Repeat the data that follows in full. Do not include the pictures.

» GIVEN DATA:

Start of Block

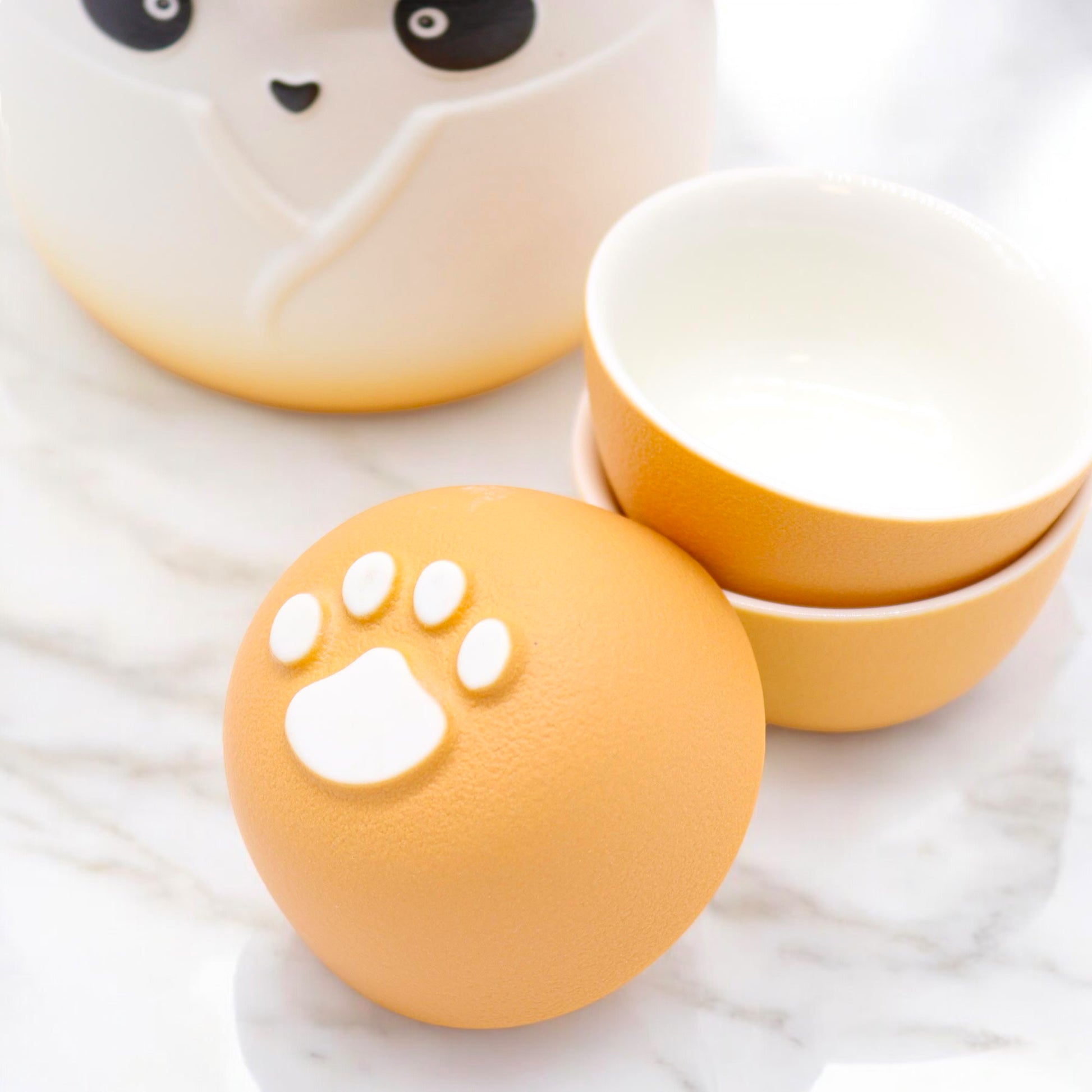 Each set includes a teapot with a built-in diffusion chamber for loose leaf teas, along with two matching tea cups, each with paws adorning the bottom for a fun, functional design.
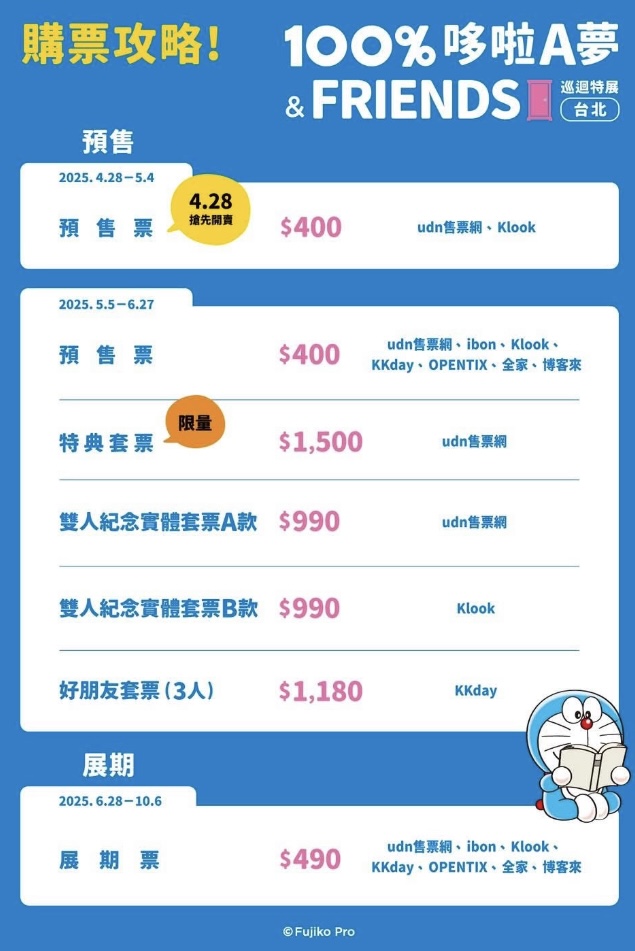 預售票開賣日:4月28日 udn售票網、Klook平台販售,5月5日全面販售
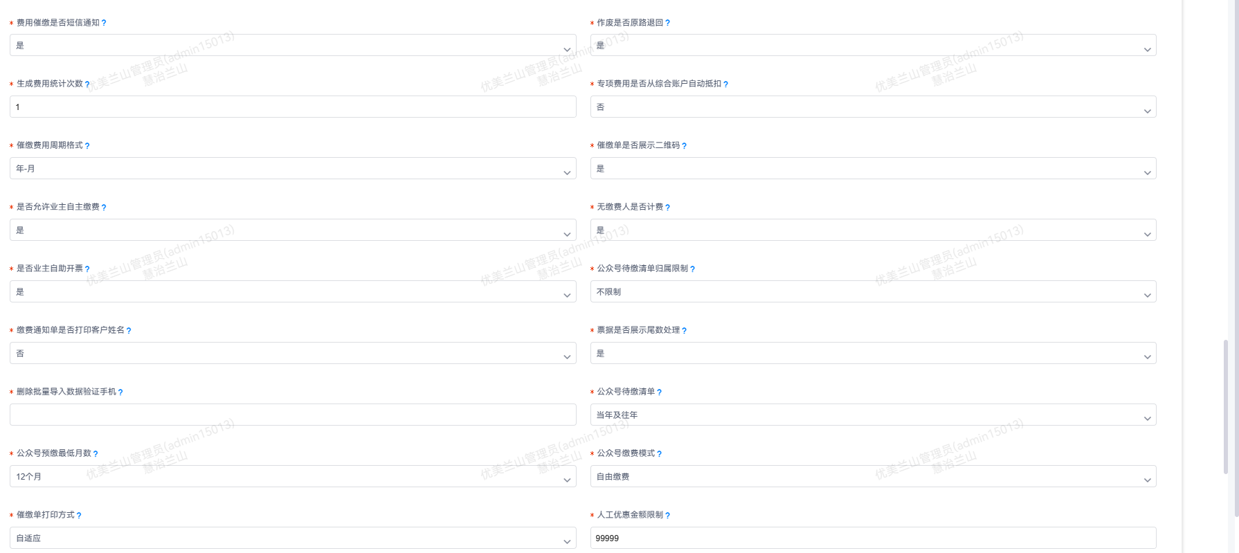 ## 往下拉找到物业费用板块,可以设置对应的信息

End of Block

» SOLUTION:
 Each set includes a teapot with a built-in diffusion chamber for loose leaf teas, along with two matching tea cups, each with paws adorning the bottom for a fun, functional design.
 預售票開賣日:4月28日 udn售票網、Klook平台販售,5月5日全面販售
 ## 往下拉找到物业费用板块,可以设置对应的信息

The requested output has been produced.